Bill Brice: The changes that have taken place both inside and outside the ARCH facility really appear to be nothing short of remarkable. Downtown Austin Alliance and many of its board members were at the ARCH facility December 1st for a tour and a meeting there with the staff running the facility now. And the changes both inside and out are really stunning. I think for most of the public, people would probably see the changes that have taken place outside more than inside. Outside today, unlike for more than a decade. There are no people camping, loitering, sitting in, lying on the sidewalks with illegal behavior such as narcotics or drug dealing and other things happening out there. Inside the facility, the changes are equally remarkable, where the physical space has been transformed to increase programmable space, shelter space. The ARCH is now sleeping at capacity 135 people every night, and they also have a waiting list of over 125 people who want to get into the facility. These changes are remarkable, and this is really important because Downtown Austin, like most other major cities, has the largest concentration of people experiencing homelessness of anywhere across the city. And we really need and always have wanted ARCH to operate maximally to better serve the needs of people experiencing homelessness, but also to really fit into downtown and be as clean, safe and welcoming as everywhere else downtown.

Rebecca Thomas: Where do you see opportunities for improvement at the ARCH, or do you know of any changes that are coming down the pike?

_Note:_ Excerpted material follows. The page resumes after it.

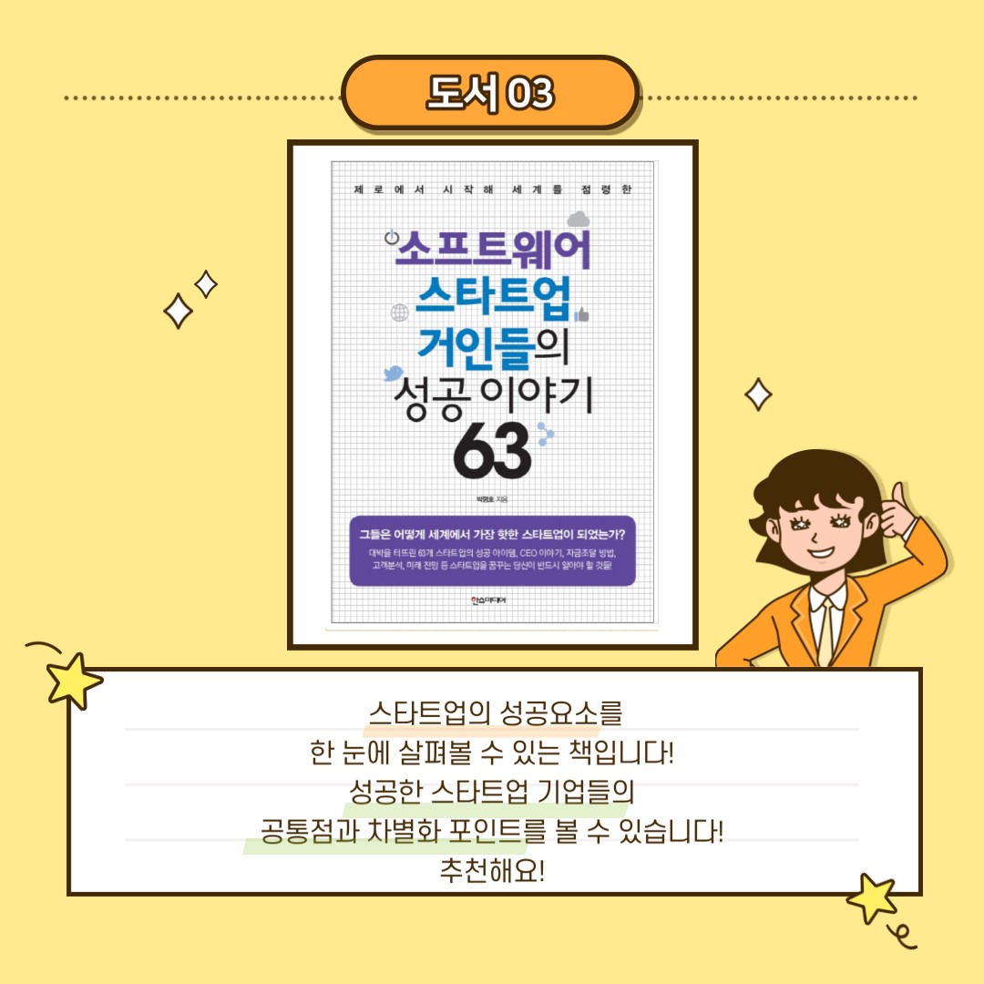 '소프트웨어 거인들의 성공 이야기 63'은 스타트업의 성공요소를 한 눈에 살펴볼 수 있는 책입니다!

Bill Brice: The changes that have taken place since the new operator took over I think are what's most important to focus on, simply meaning that people want to get into the ARCH now the area is safe. That's so important for people who are in need of homeless social services. For that area to be dangerous and for people to want to avoid it is not what we want and need. We want the place to be welcoming and desirable. When you walk through the front door of the facility today, unlike in the past, you're no longer greeted by having to walk through a metal detector. The staff there, the practitioners, are people with lived experience. They are, in their own words, loving on people, making ARCH a welcoming facility and making it a place that people want to be. But it's also very effective. One of the things that's happened over the last three months is that 24 people have been housed who have access to services and shelter at ARCH. That's more than the total number of people that were housed in the first two quarters of the last fiscal year under the prior operator. The one improvement that I think could be made is in the city operated homeless shelter hotels. There are housing dollars attached with those facilities to move people through those facilities where the shelter itself does not become a dead end or semi-permanent location. That funding does not exist with ARCH. I think it's important that the city take a look in the future as to how housing dollars could be attached with that facility. So that again becomes a place that people can move through, not go to as a dead end.

Rebecca Thomas: All right. We are out of time. Bill Brice with the Downtown Austin Alliance, thank you so much for sharing your time and perspective with us tonight.